I felt the same way about a year ago, I’ve since changed my mind based on personal experience and new research.
Please elaborate.
I work in the LLM search space and echo OC’s sentiment.
The more I work with LLMs the more the magic falls away and I see that they are just very good at guessing text.
It’s very apparent when I want to get them to do a very specific thing. They get inconsistent about it.
Pretty much the same, I work on some fairly specific document retrieval and labeling problems. After some initial excitement I’ve landed on using LLM to help train smaller, more focused, models for specific tasks.
Translation is a task I’ve had good results with, particularly mistral models. Which makes sense as it’s basically just “repeat this series of tokens with modifications”.
The closed models are practically useless from an empirical standpoint as you have no idea if the model you use Monday is the same as Tuesday. “Open” models at least negate this issue.
Likewise, I’ve found LLM code to be of poor quality. I think that has to do with being a very experienced and skilled programmer. What the LLM produce is at best the top answer in stack overflow-level skill. The top answers on stack overflow are typically not optimal solutions, they are solutions up voted by novices.
I find LLM code is not only bad, but when I point this out the LLM then “apologizes” and gives better code. My worry is inexperienced people can’t even spot that and won’t get this best answer.
In fact try this - ask an LLM to generate some code then reply with “isn’t there a simpler, more maintainable, and straightforward way to do this?”
There have even been times where an LLM will spit out _the exact same code_ and you have to give it the answer or a hint how to do it better
Yeah.
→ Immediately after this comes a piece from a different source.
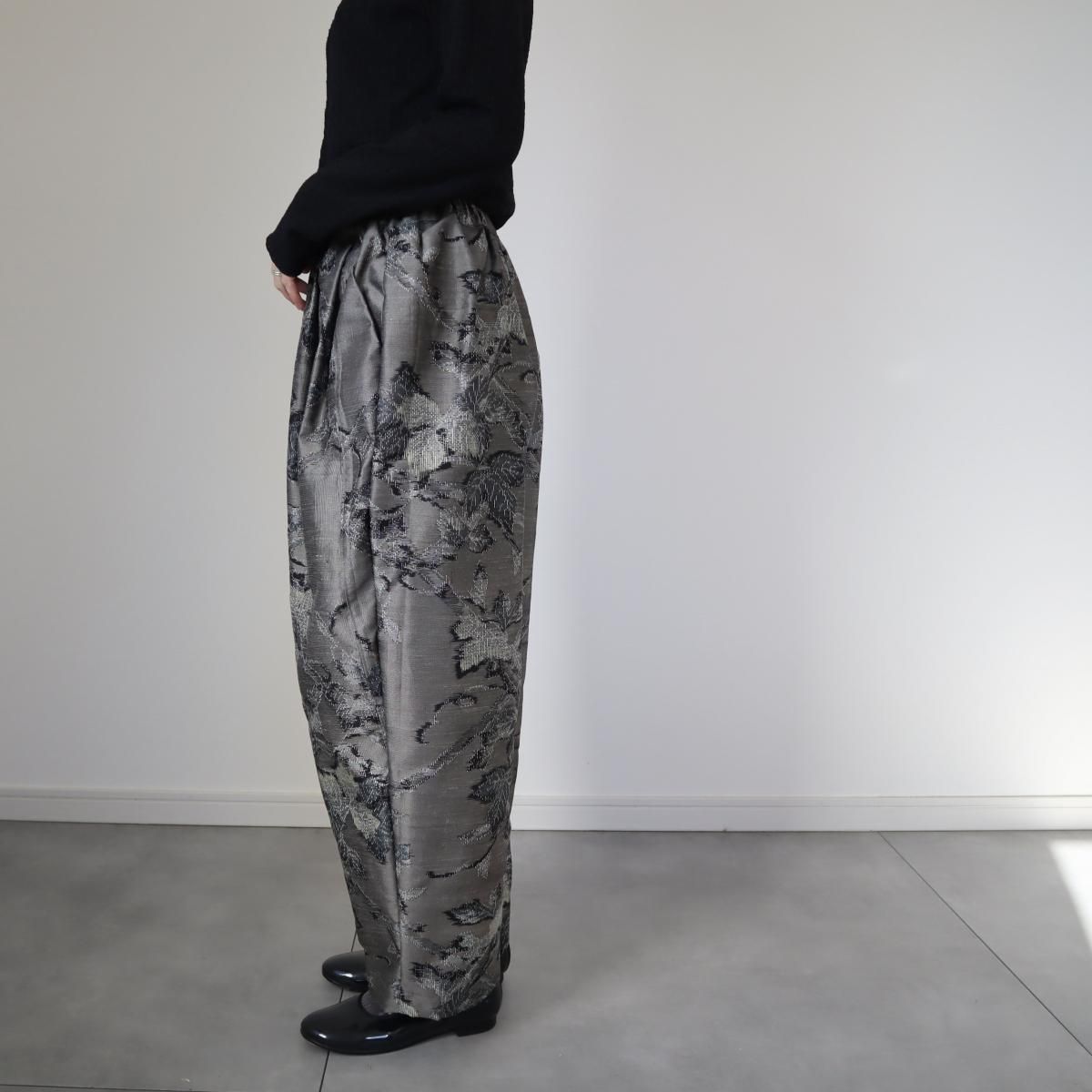 紬のバルーンパンツ(シルバーグレーに花・M)

I had the same experience doing code reviews at work. Sometimes people just get stuck on a problem and can't think of alternative approaches until you give them a good hint.
> I’ve found LLM code to be of poor quality
Yes. That was my experience with most human-produced code I ran into professionally, too.
> In fact try this - ask an LLM to generate some code then reply with “isn’t there a simpler, more maintainable, and straightforward way to do this?”
Yes, that sometimes works with humans as well. Although you usually need to provide more specific feedback to nudge them in the right track. It gets tiring after a while, doesn't it?
What is the point of your argument?
I keep seeing people say “yeah well I’ve seen humans that can’t do that either.”
What’s the point you’re trying to make?
The point is that the person I responded to criticized LLMs for making the exact sort of mistakes that professional programmers make all the time:
> I’ve found LLM code to be of poor quality. I think that has to do with being a very experienced and skilled programmer. What the LLM produce is at best the top answer in stack overflow-level skill. The top answers on stack overflow are typically not optimal solutions
Most professional developers are unable to produce code up to the standard of "the top answer in stack overflow" that the commenter was complaining about, with the additional twist that most developers' breadth of knowledge is going to be limited to a very narrow range of APIs/platforms/etc. whereas these LLMs are able to be comparable to decent programmers in just about any API/language/platform, all at once.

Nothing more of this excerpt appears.